The Day without Immigrants may or may not have been a political success, but it certainly didn't dent Strip casino operators. MGM Mirage Chairman Terry Lanni says more workers showed up at his 11 properties here than on a normal Monday. That's not to say MGM Mirage would want to live without its immigrant workers. And Lanni says reform is essential. It's unfair to discriminate against one group of workers who have helped build our economy and companies such as MGM Mirage, and it's impractical to ship illegal immigrants back home, he says.

The next wave of mergers and acquisitions may be in Great Britain rather than the United States. Industry insiders say British casino operators are going to have to survive an invasion of international gaming companies. British analysts expect the government, which has authorized a single, Las Vegas-style supercasino so far, to open up the market. They say takeovers by bigger British companies are likeliest, but they also say to watch Las Vegas operators, who've shown reluctance to join any merger frenzy of late.

Respected art-market journalist Georgina Adams recently reported that Las Vegas resort developer Steve Wynn was one of the underbidders for Pablo Picasso's "Dora Maar au Chat" (1941). The masterpiece sold for a record $95.2 million at Sotheby's New York Impressionist and modern art auction early this month to an unidentified buyer. Other underbidders included mass-marketing guru Leslie Wexner and Microsoft co-founder Paul Allen. Wynn already owns Picasso's masterpiece "Le Reve."

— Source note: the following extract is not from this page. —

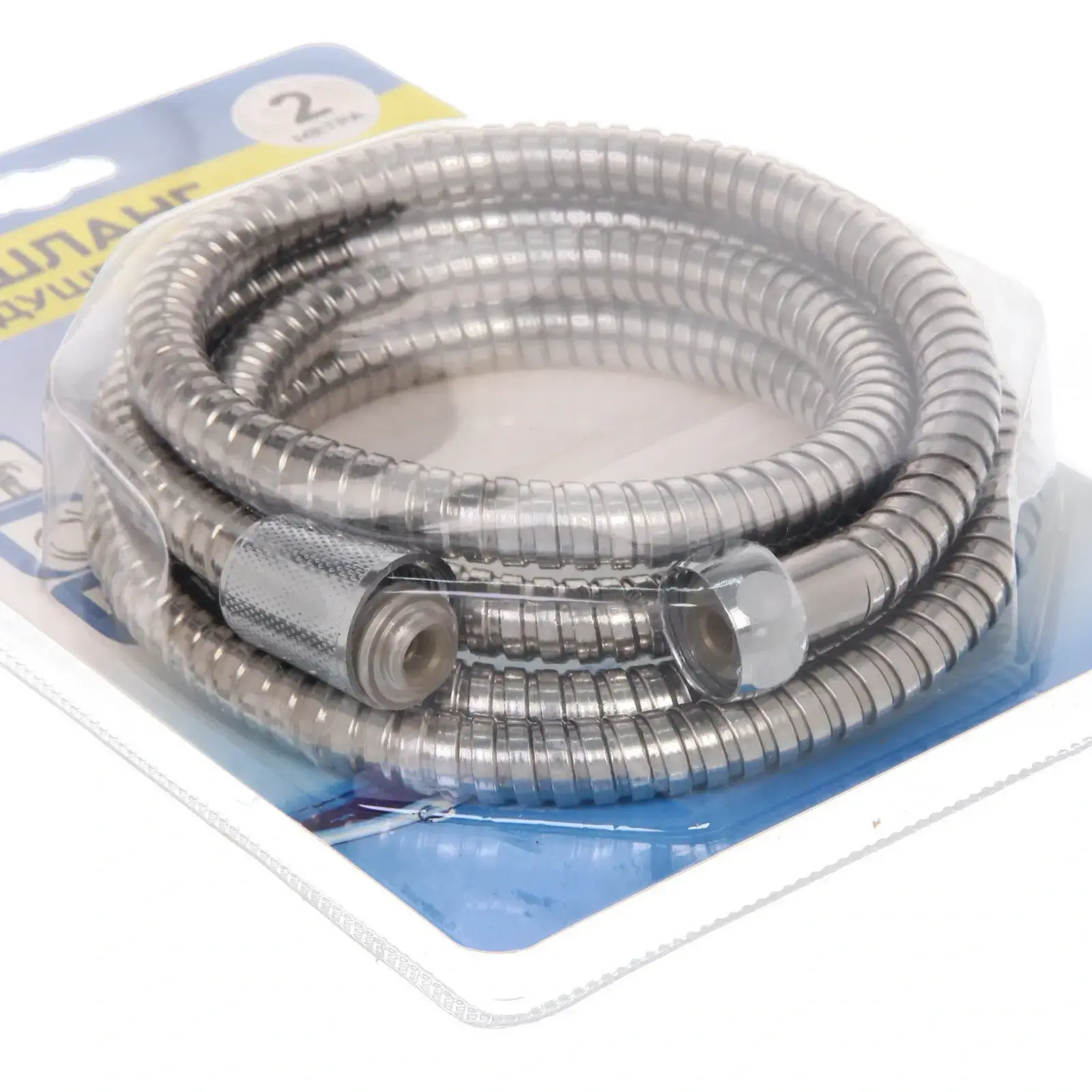 Шланг для душевой лейки 2м, гибкий, металлический, цвет хром, универсальный, сталь, термостойкий

Believe it or not, Congress has earmarked $700 million to relocate a Mississippi railroad line, clearing space for casino development. The existing line was repaired for $300 million following Hurricane Katrina. Isle of Capri Casino in Biloxi has been a prime backer of the line relocation, which is part of the Iraq/Katrina Emergency Appropriations Bill. But the Christian Science Monitor calls the boondoggle a plan to create "a Las Vegas South."

More on Barstow. Rumors that the compacts for the Big Lagoon and Los Coyotes tribes are "dead," it seems, are vastly exaggerated. Instead, every measure of compact imaginable is being tossed about the California Legislature in Sacramento. A Chemehuevi casino plan is on the June ballot. What is clear, however, is that the compact debate has turned into a partisan Ping-Pong match with Republicans supporting and Democrats opposing urban casinos. Even to some state legislators, the arguments over casinos seem to be weak foundations for deciding economic development.